A 2009 state law sent 17-year-olds charged with misdemeanors to juvenile court, effective in January 2010. At the same time, appropriations for the Cook County Juvenile Probation and Court Services Department, which had been consistently $38 million a year, dipped to $34 million for fiscal 2011.

In the first year under the new rules, police in Cook County referred 3,494 seventeen-year-olds on misdemeanor charges. In almost 70 percent of those cases, the Office of the State’s Attorney did not file charges.

Five hundred forty-five other cases were diverted from the formal juvenile court process and sent to Juvenile Probation and Court Services (JPCS) for informal supervision.

The remaining 554 cases were filed in court, but probation officials said that did not add much to the caseload.

“A lot of the kids that we got had been sent to us already,” as opposed to 17 year-olds who had no previous run-ins with the juvenile probation department, said John Bentley, a project administrator with Cook County JPCS. “That doesn’t add much additional burden.”

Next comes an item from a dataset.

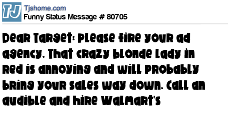 X says Dear Target: please fire your ad agency. That crazy blonde lady in red is annoying and will probably bring your sales way down. Call an audible and hire Walmart's
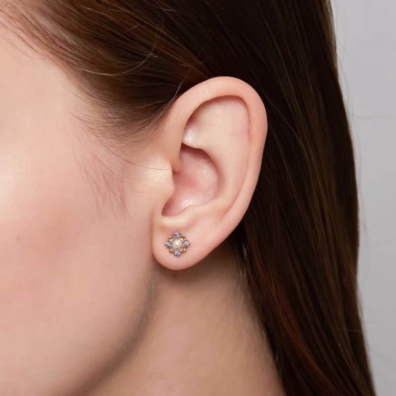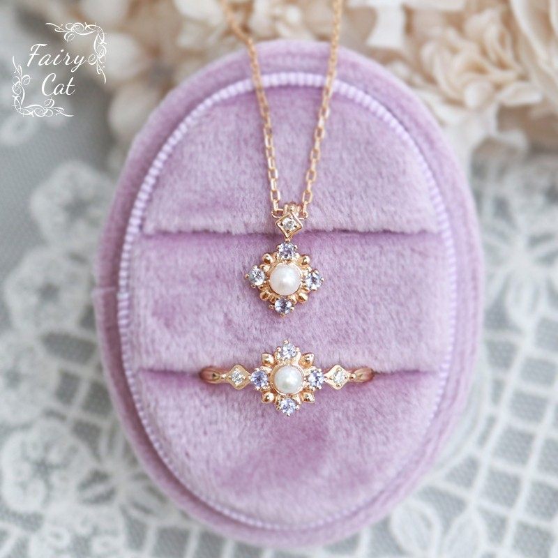 日系天然淡水珍珠坦桑石戒指项链耳环雪花棱形迷你925银饰

So far this year, Cook County is on pace for a lower number of referrals, filed charges and diversions. However, the percentage of cases in which charges are filed is rising slightly.

Years before the age change, Cook County had embraced the Annie E. Casey Foundation’s Juvenile Detention Alternatives Initiative, which assists jurisdictions and states in developing a risk measurement instrument to help determine detention admissions.

While its Juvenile Temporary Detention Center – designed to hold 500 – once held 600 or more, by the middle of 2010, the facility’s population had dropped below 200 for the first time in 20 years, said center administrator Earl Dunlap. Right now it’s at about 265, which, he said, is not attributable to an influx of 17-year-old juveniles with misdemeanor offenses.  

“The impact has been negligible” on the detention center, said Dunlap.

He credited the county juvenile probation office for “how much of the minor stuff is shifted out.” He said that when he took charge of the detention center in 2007, about half of the population probably didn’t need to be detained. Now, he believes, the percentage is down to about 25 percent.

The state juvenile justice commission is studying the impact and cost of moving 17-year-old felons into the juvenile justice system, and will produce a final report by December.

  • marc

    The claim that we should have parity among states in terms of the age at which individuals are classified as juveniles is reasonable, but the argument for why the age should be 18 or 17 or what have you is very fuzzy. For example, though there are important age changes in the brain, there is no evidence that a 17 year old has a substantially different brain from an 18 year old. Similarly, if one can’t demonstrate that 17 year olds do more poorly in adult justice systems than 18 years olds, then there is not a strong basis for the change, EXCEPT parity.